Persistent Volume Claim (PVC)
To bind a Persistent Volume(PV) to a pod, you will have to create a Persistent Volume Claim (PVC) which has the same configurations as the Persistent Volume. The PVC is what we will actually mount into the pod. The PVC will try to find a Persistent Volume which matches the following configurations:
- Access Mode
- Storage Size
- VolumeMode
If the PVC does not find a persistent volume that matches all the above properties, it will not bind to any persistent volume.
Let us create a PVC that will get bound with the Persistent Volume that has been created above. The following YAML will create a PVC while ensuring that all the configurations match with the persistent volume that has been created.
apiVersion: v1
kind: PersistentVolumeClaim
metadata:
name: postgresql-pvc
spec:
accessModes:
- ReadWriteOnce
volumeMode: Filesystem
resources:
requests:
storage: 5Gi
Now that we have created the PV and PVC with the correct configurations, let’s mount the Persistent Volume to the PostgresSQL Pod. We can use the following YAML manifest to mount the PVC in to the pod.
apiVersion: v1
kind: Pod
metadata:
name: pod-with-block-volume
spec:
containers:
- name: postgres-container
image: postgres
volumeMounts:
- name: data
path: /data/postgresql/
volumes:
- name: data
persistentVolumeClaim:
claimName: postgresql-pvc
In the above YAML file, we use the fields persistentVolumeClaim
under the Volumes
section to define which persistent volume claim we want to use for creating a volume. Here, we have defined the claimName
as postgresql-pvc
. While creating a volume, Kubernetes will look look for a PVC with the given name, and use it to mount the Persistent Volume to the pod.
With the above configuration, we have successfully created a persistent volume, a persistent volume claim, and mounted it to a Postgres pod. All the data created by the Postgres pod will be stored in the persistent volume.
Storage Class (SC)
In Kubernetes, a StorageClass is a blueprint for how a persistent volume should be created. It is very useful when you want to dynamically provision storage from an external source such as a cloud provider. For example, you may want to store your application’s data in an AWS S3 bucket. For this, you can easily create a Storage Class in Kubernetes using the AWS S3 plugin. All you need to do is create the appropriate Persistent Volume Claim (PVC) and mount it in your pod. The Persistent Volume will automatically be created by the Storage Class.
It simplifies managing storage because you can create different storage classes for different needs, like one for high-speed storage for a database and another for regular storage for file storage.
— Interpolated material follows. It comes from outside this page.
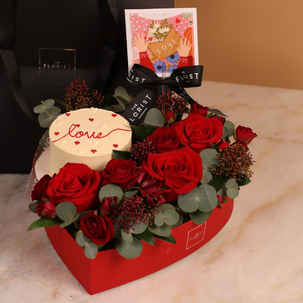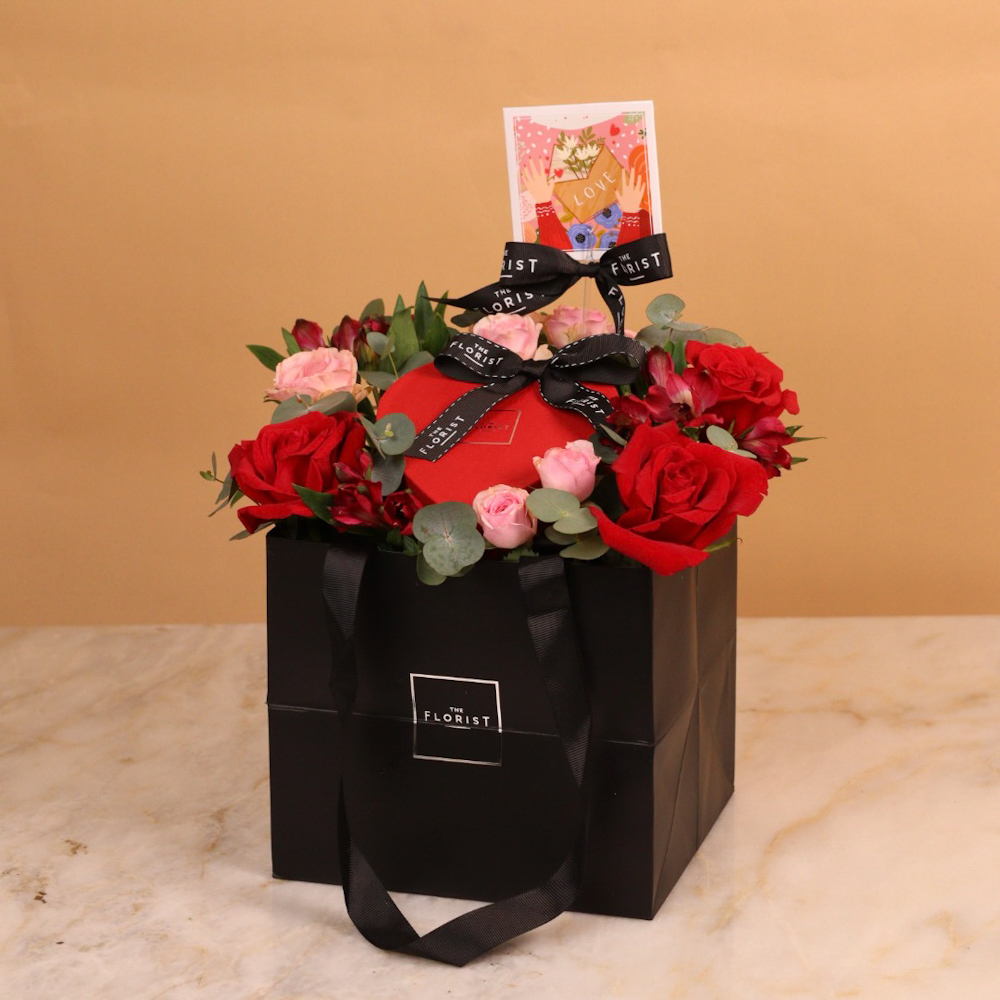 يحتوي التنسيق على باقة صغيرة من الزهور البرتقالية مع شوكولاتة.

Then, when you deploy your app, you can just pick the StorageClass that best suits your storage needs without worrying about the details of setting it up manually.
Every storage class has the following fields defined in it:
- Provisioner: The place from where the storage device is provisioned. For example, AWS S3 Buckets.
- Reclaim Policy: Same as the reclaim policies discussed for Persistent Volumes (PVs)
- Volume Binding Mode: This defines when should the Persistent Volume be created in the storage lifecycle. The options for the different binding modes are
Immediate
andWaitForFirstConsumer
.
Every Kubernetes cluster has a default storage class. The default storage class stores the data on the Node’s host path. To learn about all the different provisioners that can be used to create a storage class, please refer to this page in the official Kubernetes documentation.
Conclusion
Many different applications in Kubernetes require data to be persisted across different pods. Since pods are ephemeral, the data within the pods is lost once the pod is deleted. In order to ensure that the data is persisted, Kubernetes provides two resources i.e. Persistent Volumes and Persistent Volume Claims.
These resources can be used to create persistent Kubernetes Volumes and mount them in the pods using Kubernetes Volume and VolumeMounts. They can be configured in a number of different ways to ensure that they fit the requirements of the application running in the pod.